Allgemeine Informationen zum Nachtschreck
Krankheitsdetails und häufig gestellte Fragen
Es handelt sich um eine Schlafstörung (Parasomnie), die besonders bei Kindern zwischen 3 und 8 Jahren (und manchmal bei Erwachsenen) beobachtet wird, bei der man in der tiefsten Schlafphase plötzlich in Panik schreiend und weinend aufwacht, das Bewusstsein aber eigentlich nicht vollständig wach ist.
Albträume sind Situationen, die in der REM-Phase (Traumphase) auftreten und an die man sich morgens oder nachts beim Aufwachen erinnert.
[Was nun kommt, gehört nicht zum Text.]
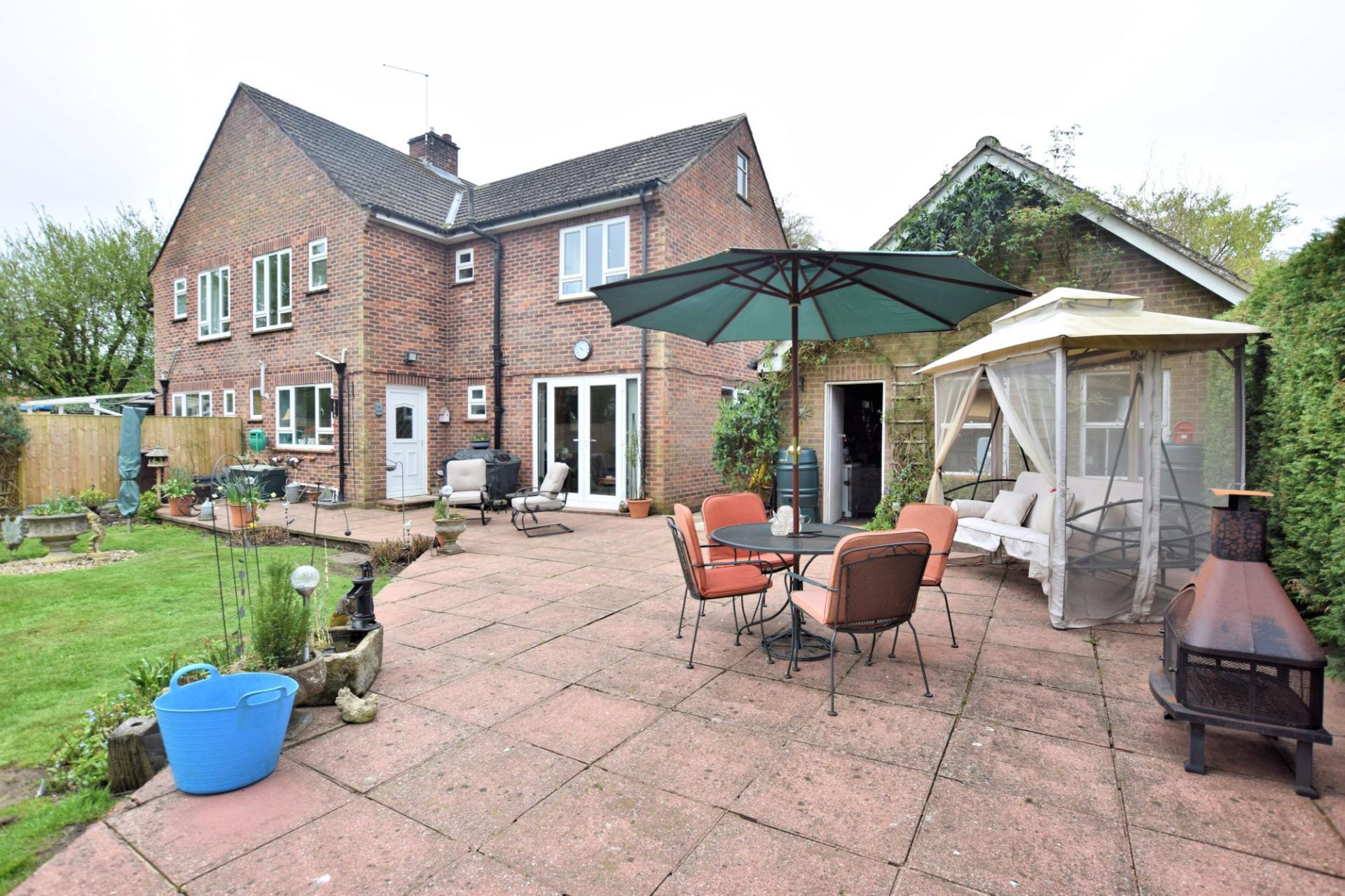 Situated in the popular village of Saham Toney is this spacious four bedroom semi-detached house. The property is the perfect opportunity for the prospective purchaser to acquire a traditional and spacious family home which has a generous rear garden with field views. The accommodation comprises an entrance hall which has the stairs to the first floor landing and access to the sitting room which has a central log burner and double aspect windows. The kitchen has a fitted "Blaines" kitchen comprising a range of wall and base level units with an inset gas hob and sink, there is a built-in eye level electric Neff slide and hide oven, built-in fridge freezer and dishwasher. In addition there is a dining room which has double doors leading out to the rear terrace and a cloakroom with a two piece suite. To the first floor there are three double bedrooms all with built-in storage and a further fourth single bedroom with built-in storage. There is a cloakroom upstairs which has a low level WC and there is a shower room with a walk-in shower and washbasin. To the rear of the property there is a patio terrace which is perfect for entertaining and al-fresco dining and a door to the double garage which has power and lighting. The rear garden is laid mainly to lawn with a variety of mature shrubs and trees throughout. There is a summer house which is brick built and could be used as a studio or office. To the front of the property is a hard standing driveway which gives ample off road parking with an adjacent garden area laid with lawn.
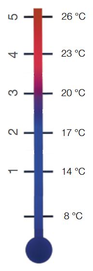 Die Temperatur am Kopf ist mit 5 Zahlen gekennzeichnet. Der Temperaturunterschied zwischen den einzelnen Zahlen entspricht 3 °C.
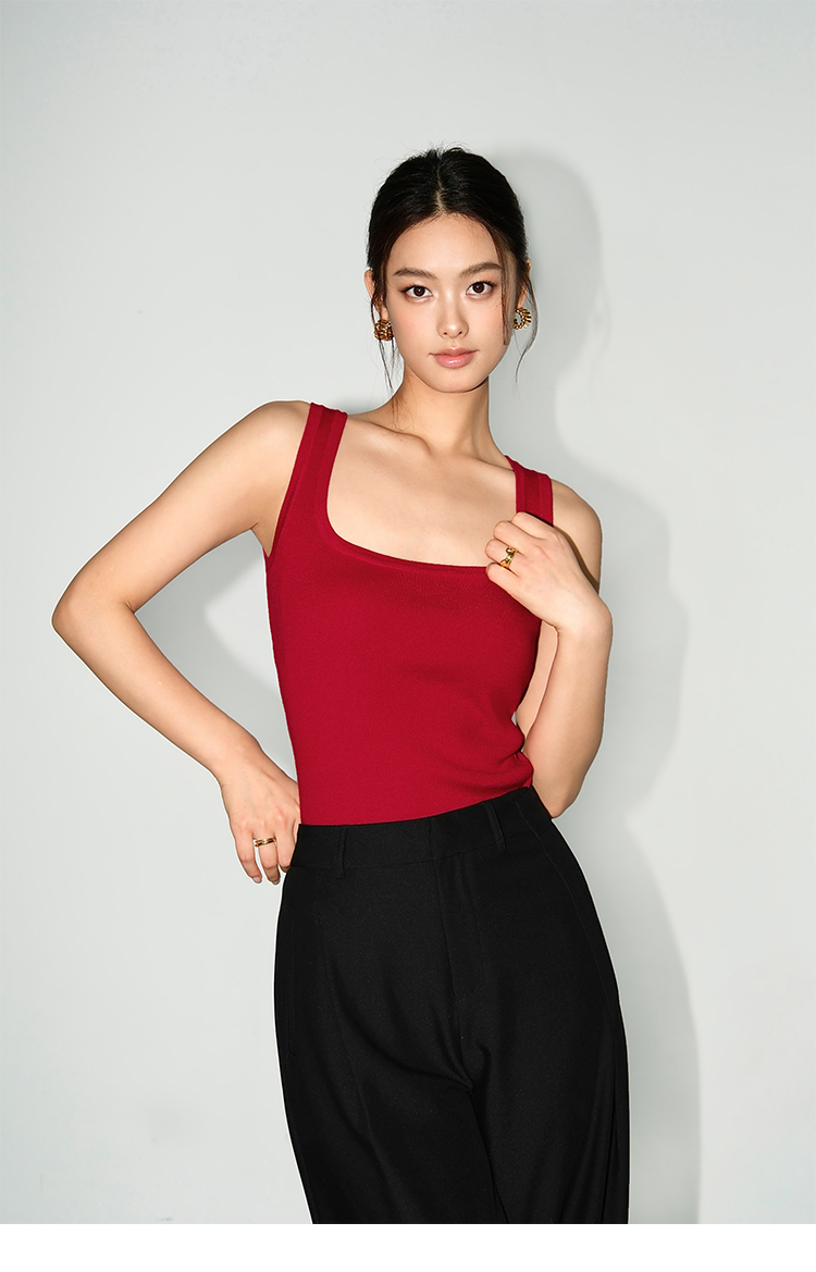 Áo Hai Dây Nữ Cổ Vuông Dệt Kim MAKILANA HM19756-A – Ôm Dáng, Mặc Ngoài, Mùa Hè 2025
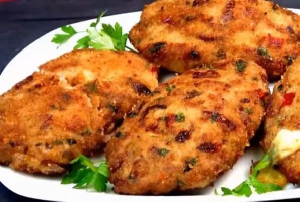 Na malo ulja propržite sitno seckani crni luk, pa dodajte seckanu ljutu papričicu. U mleveno meso dodajte luk i papričicu, kao i jaje, seckani peršun i dve kašike prezli. Posolite i pobiberite, pa lepo sjedinite. Uzmite meso u raširite ga u šaci, pa stavite veće parče sira. Meso obmotajte oko sira, pa uvaljajte u prezle. Tako radite dok ne utrošite sve sastojke. Ispržite u ulju. Prijatno!

Der Nachtschreck hingegen tritt in den ersten 2-3 Stunden des Schlafs auf (Non-REM); das Kind träumt nicht und wenn es morgens aufwacht, ERINNERT ES SICH ABSOLUT NICHT DARAN, dass es in der Nacht geschrien oder geweint hat.
Das Kind setzt sich plötzlich im Bett auf, seine Augen sind weit geöffnet, aber es schaut einen nicht an (es starrt ins Leere). Sein Herz schlägt sehr schnell, es schwitzt, schlägt um sich, und wenn man versucht, es festzuhalten oder zu beruhigen, kann es noch aggressiver werden und einen schlagen.
Extreme Erschöpfung des Kindes während des Tages (Schlafmangel), die Geburt eines neuen Geschwisterchens, Schulstress, fieberhafte Erkrankungen, Schlafapnoe durch vergrößerte Polypen oder genetische Veranlagung (Nachtschreck in der Familienanamnese) stören den Schlafzyklus und lösen diese Anfälle aus.
Die wichtigste Regel: VERSUCHEN SIE NICHT, DAS KIND GEWALTSAM AUFZUWECKEN! Es zu schütteln, ihm Wasser ins Gesicht zu spritzen oder es anzuschreien, wird ihm nur noch mehr Angst machen. Entfernen Sie gefährliche Gegenstände in der Nähe des Kindes (an die es stoßen und fallen könnte), warten Sie ruhig neben ihm; der Anfall endet von selbst in 5-10 Minuten, und das Kind fällt wieder in einen tiefen Schlaf.
Der Nachtschreck deutet normalerweise nicht auf eine körperliche oder neurologische Hirnschädigung hin und verschwindet von selbst, wenn das Kind älter wird. Tritt er jedoch sehr häufig auf (mehrmals pro Woche), wird das Kind von einem Kinderpsychiater oder Schlafspezialisten untersucht. Die Festlegung regelmäßiger Schlafenszeiten und die Wiedereinführung des Tagschlafs (Nickerchen) ist die effektivste Lösung.